==== Working data

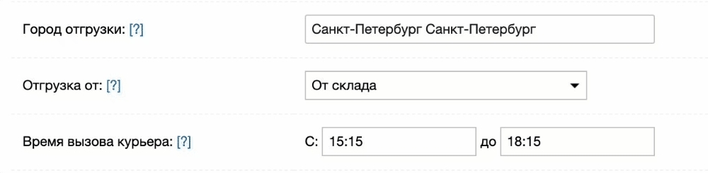 Здесь и далее указанные данные к вызову курьера будут использованы при автоматическом вызове курьера при создании накладных от двери и в форме оформления заявки на вызов курьера (консолидированный забор)
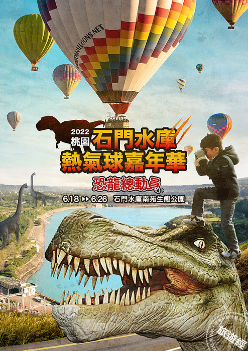 桃園石門水庫熱氣球嘉年華去(2021)年因疫情停辦一天,今(2022)年將於6月18日清晨熱鬧開幕,一連九天,直至6月26日止,其中最受矚目的造型熱氣球,因今年活動主題為「恐龍」,將有首次在台亮相,包括:來自「英國暴龍」與「巴西劍龍」的恐龍造型熱氣球,於石門水庫南苑生態公園立球迎賓,活動期間除了2顆恐龍造型球外,將有3顆繫留球,供遊客升空繫留體驗,活動期間每日都有熱氣球升空體驗、假日夜間光雕噴火秀。
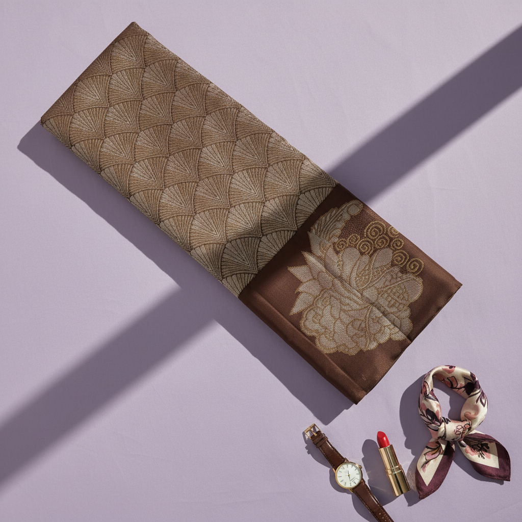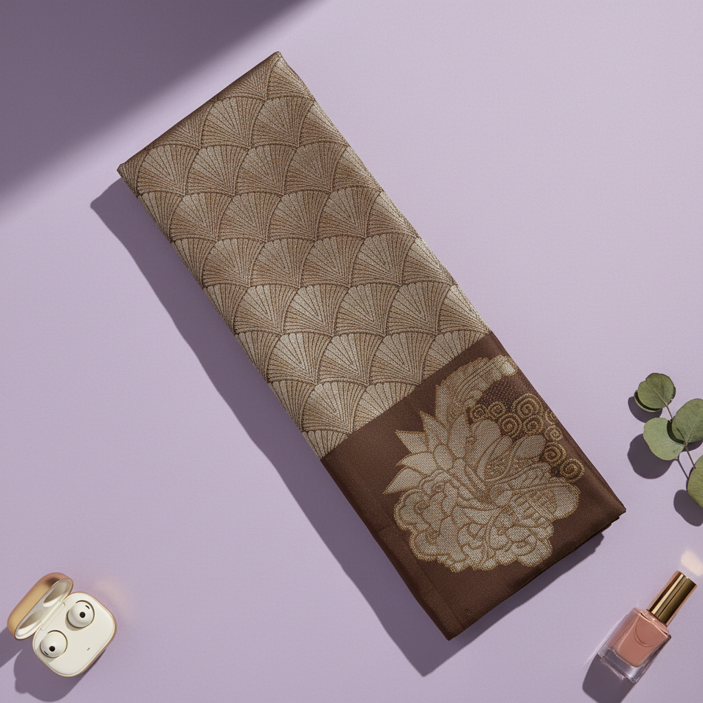 - Body: Warm mocha brown pure silk with all-over gold zari fan (seigaiha) weave
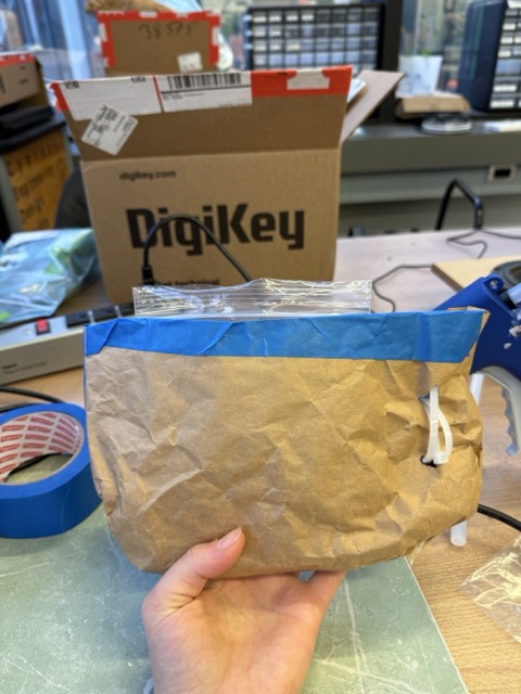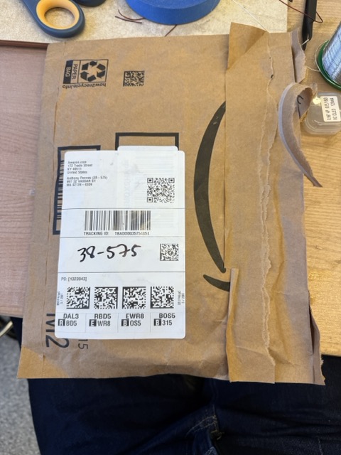 In order to improve my odds of transporting the board between home and school without breaking it, I decided to build a transport case with salvaged materials from around the lab. I started with an Amazon bubble mailer:
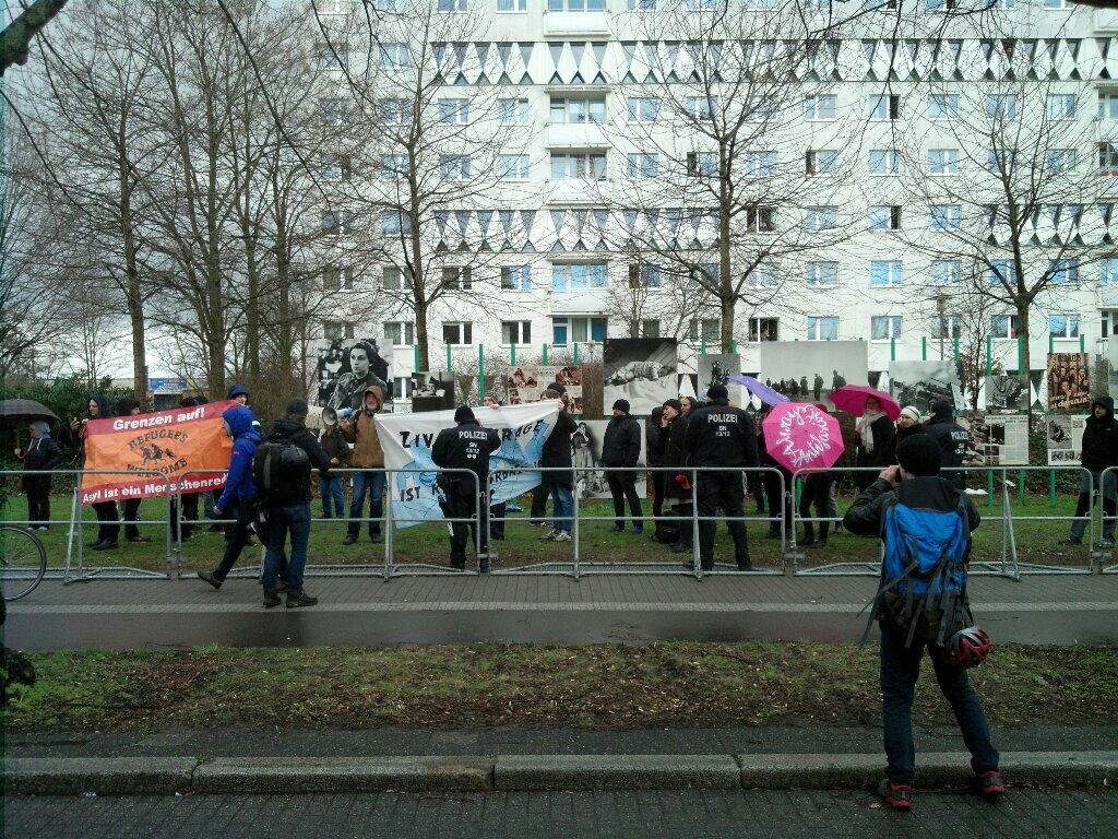 Neben der Nationalbibliothek haben sich auch 300 bis 400 Gegendemonstranten bereits am Bayrischen Platz, dem Endpunkt der Nazidemonstration, eingefunden. Bis auf einige kleinere Rangeleien zwischen einigen Autonomen und der Polizei ist der Tag bislang ziemlich reibungslos und friedlich verlaufen.
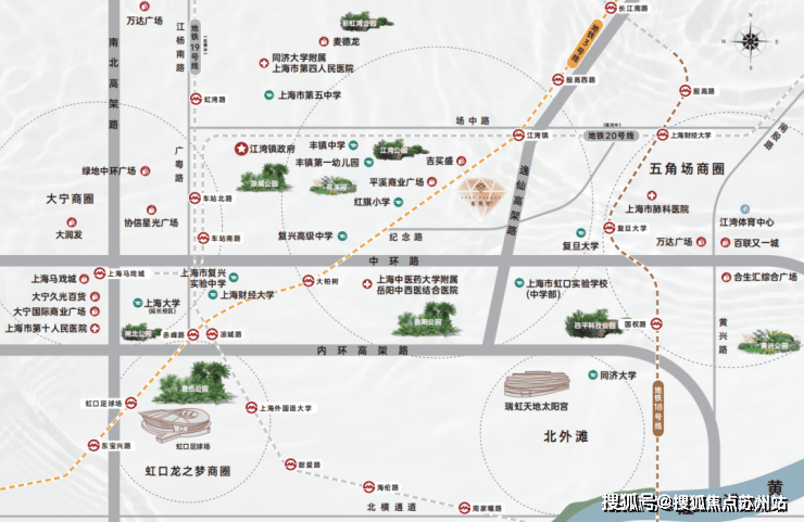 根据虹口2035规划,将构筑“一核三片两轴一环”发展格局,提升城区能级和核心竞争力,实现“人文虹口,魅力之城”的总目标。(信息来源:虹口区规划和自然资源局)本案距中环直线距离仅约600米,优享区域发展优势与内中环利好辐射,以高品质住区匹配城市发展潮向。
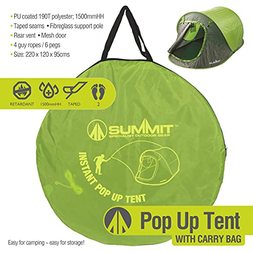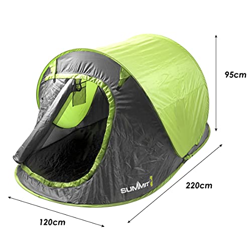 Tente pop-up pour deux personnes : ouvrez le sac, sortez-le et dépliez-le. Ensuite, lorsque vous avez terminé, il suffit de le décoller. C’est aussi facile. Dispose d’une porte extérieure zippée et d’une porte intérieure en maille pour la ventilation. Fait partie d’une grande gamme d’accessoires de camping faciles à utiliser et de tentes pop up pour adultes et enfants de Summit.
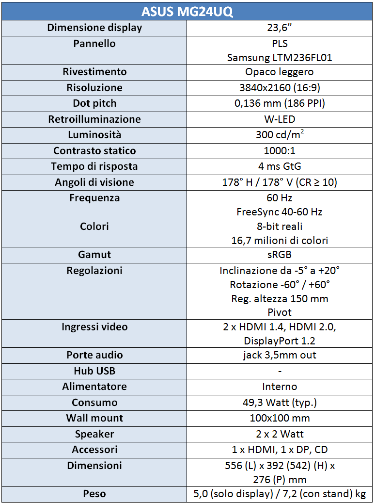 Per quanto riguarda il pannello adottato, sul sito ASUS e nei comunicati ufficiali, viene indicato solo che si tratta di un IPS, senza entrare nel dettaglio. Trattandosi però di un LCD da 23,6”, potrebbe trattarsi del modello PLS  LTM236FL01 di produzione Samsung.
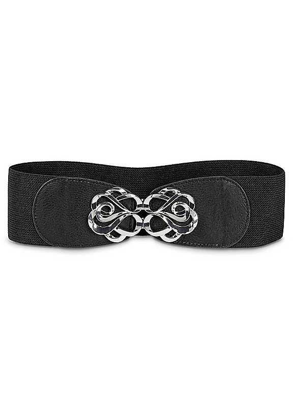 An elasticated belt with an ornate buckle at the front. Brand: bonprix Faux Leather (PU), Metal & Elastane Width approx. 7 cm | elastic buckle belt, faux leather belt, silver metal belt, black elastic belt
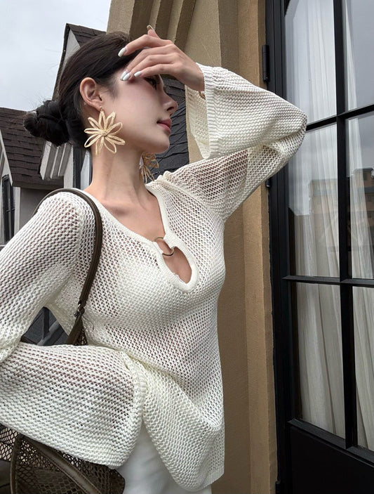 Na+ 時髦歐美老錢 V領縷空疊穿罩衣 米白
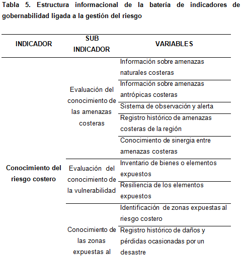 En definitiva, se presenta una estructura informacional que permite abarcar los aspectos más relevantes de la gestión del riesgo costero, en el contexto legal, técnico e institucional colombiano (tabla 5), a partir de la conversión de la tabla de operacionalización en una batería de indicadores medibles. Es importante resaltar que esta propuesta se enmarca en los lineamientos de las guías de gestión del riesgo revisadas (ONU, 2005; PREDECAN, 2009; PNUD, 2011), así como en los lineamientos de la GCI desde la perspectiva sistémica (Botero, Evaluación de los esquemas de certificación de playas en América Latina y propuesta de un mecanismo para su homologación., 2013).
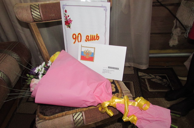 Бу уңайдан аны район советы рәисе урынбасары Гөлнара Галәүтдинова һәм авыл җирлеге рәисе урынбасары Резеда Маликова өенә барып котладылар. Гөлнара Реваль кызы район башлыгы Габделәхәт Гыйлемхан улы Хәкимов исеменнән котлап, “Биредә бик матур шигъри юллар да бар әле”, – дигәч, укып күрсәтүен сорады. Котлауны күзләре яшьләнеп тыңлады, ә инде Россия президенты исеменнән килгән котлауны укыганда еламсырап ук җибәрде. “Бик тирән эчтәлекле котлаулар, шундый зур җитәкчеләрнең тәбрикләү сүзләрен ишетү нинди зур бәхет”, – дип кабатлады.
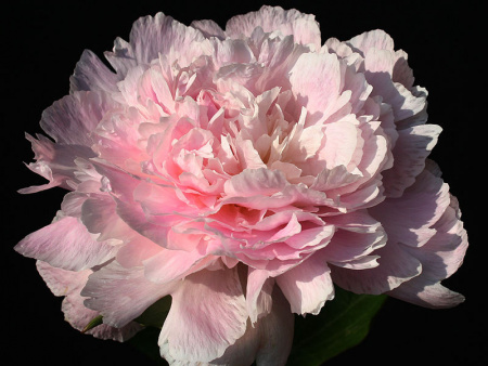 Желанный сорт пионов Pecher распускается густо-махровыми цветками, нижний ряд состоит из крупных лепестков, а вершину наполняют мелкие, хаотичные. Цвет у него необыкновенный, очень бледный розовый. Так получается, что на одном кусте встречаются разные по интенсивности цветы, начиная от практически белого до розоватого. Такой переход придаёт характер цветку и некую самобытность. Размер цветов средний, так при полном роспуске они не превышают 14 см. В цветение вступает в конце мая и может захватить частично июнь. Аромат очень лёгкий и нежный.
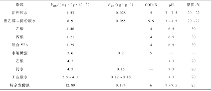 根據圖5 和以上公式可以計算出發酵液的反硝化性能參數VDN,Ss = 12. 89 mg·(g·h) - 1 和PDN =0. 174 g·g - 1 (COD)。VDN 代表的是反硝化過程中N的減少速率,PDN 代表的是活性污泥因消耗一定量的COD 而減少的N 的量。理論上,每轉化1 g NO3 -N成N2 需要2. 86 g COD ( PDN,理論值= 0. 35 g · g - 1(COD));但實際上系統中的碳源不僅需要用于反硝化過程的電子,還要為系統中的微生物的新陳代謝提供能源和能量,因此真正的PDN 值都應該小于理論值。表2 比較了一些化學有機物和工業廢水的反硝化性能參數,可以看出發酵液的VDN 和PDN 明顯優于很多化學有機物和工業廢水,由此可見短程發酵液具有高效的反硝化性能。
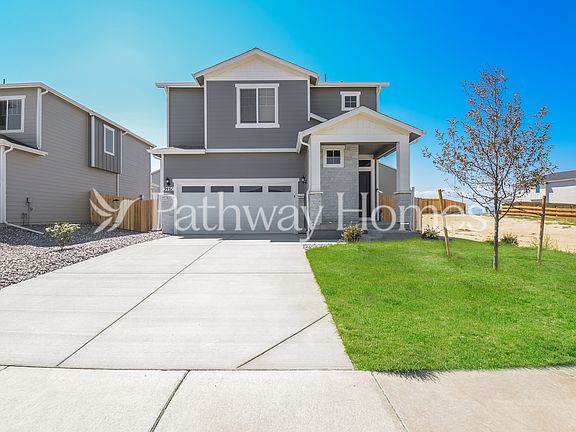 Apply Today It's Free! $75 Application Fee Waived. Enter Code FREEAPP. First month rent free! NEW CONSTRUCTION RENTAL WITH THE OPTION TO OWN! This Pathway Rent+ home comes with the OPTION TO BUY at the end of year 3, PROFESSIONAL PROPERTY MANAGEMENT, TAILORED HOMEOWNERSHIP COACHING, and FREE MORTGAGE-READINESS RESOURCES, all at no extra cost. Plus, there are NO EXTRA FEES OR PENALTIES associated with leaving at the end of your lease. This home features a spacious two-story layout with four bedrooms, two full bathrooms, and a convenient powder bath. The expansive master suite offers a serene retreat with a sitting area, large walk-in closet, and an en suite bathroom complete with a soaking tub, glass-enclosed shower, and double-sink vanity. The open-concept design includes a large kitchen island with a breakfast bar and quartz countertops. Enjoy outdoor living with a charming front porch and spacious back patio. Located in a prime community, residents have access to a park, and are close to Denver International Airport, downtown Denver, and Barr Lake State Park. Don't miss out on your opportunity to create amazing memories in your new home. Apply online or contact us now to learn more! This home can only be rented through Pathway Homes. Pathway Homes will never ask you to wire money or pay with gift cards. Prospective tenants have the right to provide Pathway Homes a portable tenant screening report, as defined in section 38-12-902(2.5), Colorado Revised Statutes. If a prospective tenant provides a portable tenant screening report, Pathway Homes is prohibited from charging a rental application fee or charging a fee to access or use the portable tenant screening report.
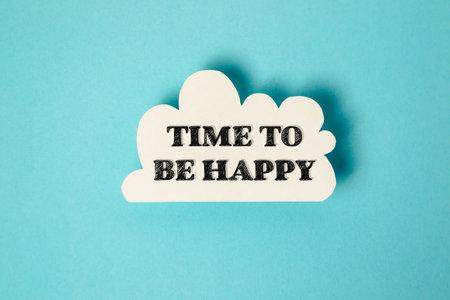A white cloud with the words Time to be happy written in black. Concept of positivity and hope, encouraging the viewer to focus on the present and find joy in the moment

========

What the exercise asks. Give again, word for word, only the lines that run from the top of the data above through the line with "In order to". Drop the pictures.

Response to the exercise.
 Здесь и далее указанные данные к вызову курьера будут использованы при автоматическом вызове курьера при создании накладных от двери и в форме оформления заявки на вызов курьера (консолидированный забор)
 桃園石門水庫熱氣球嘉年華去(2021)年因疫情停辦一天,今(2022)年將於6月18日清晨熱鬧開幕,一連九天,直至6月26日止,其中最受矚目的造型熱氣球,因今年活動主題為「恐龍」,將有首次在台亮相,包括:來自「英國暴龍」與「巴西劍龍」的恐龍造型熱氣球,於石門水庫南苑生態公園立球迎賓,活動期間除了2顆恐龍造型球外,將有3顆繫留球,供遊客升空繫留體驗,活動期間每日都有熱氣球升空體驗、假日夜間光雕噴火秀。
 - Body: Warm mocha brown pure silk with all-over gold zari fan (seigaiha) weave
 In order to improve my odds of transporting the board between home and school without breaking it, I decided to build a transport case with salvaged materials from around the lab. I started with an Amazon bubble mailer:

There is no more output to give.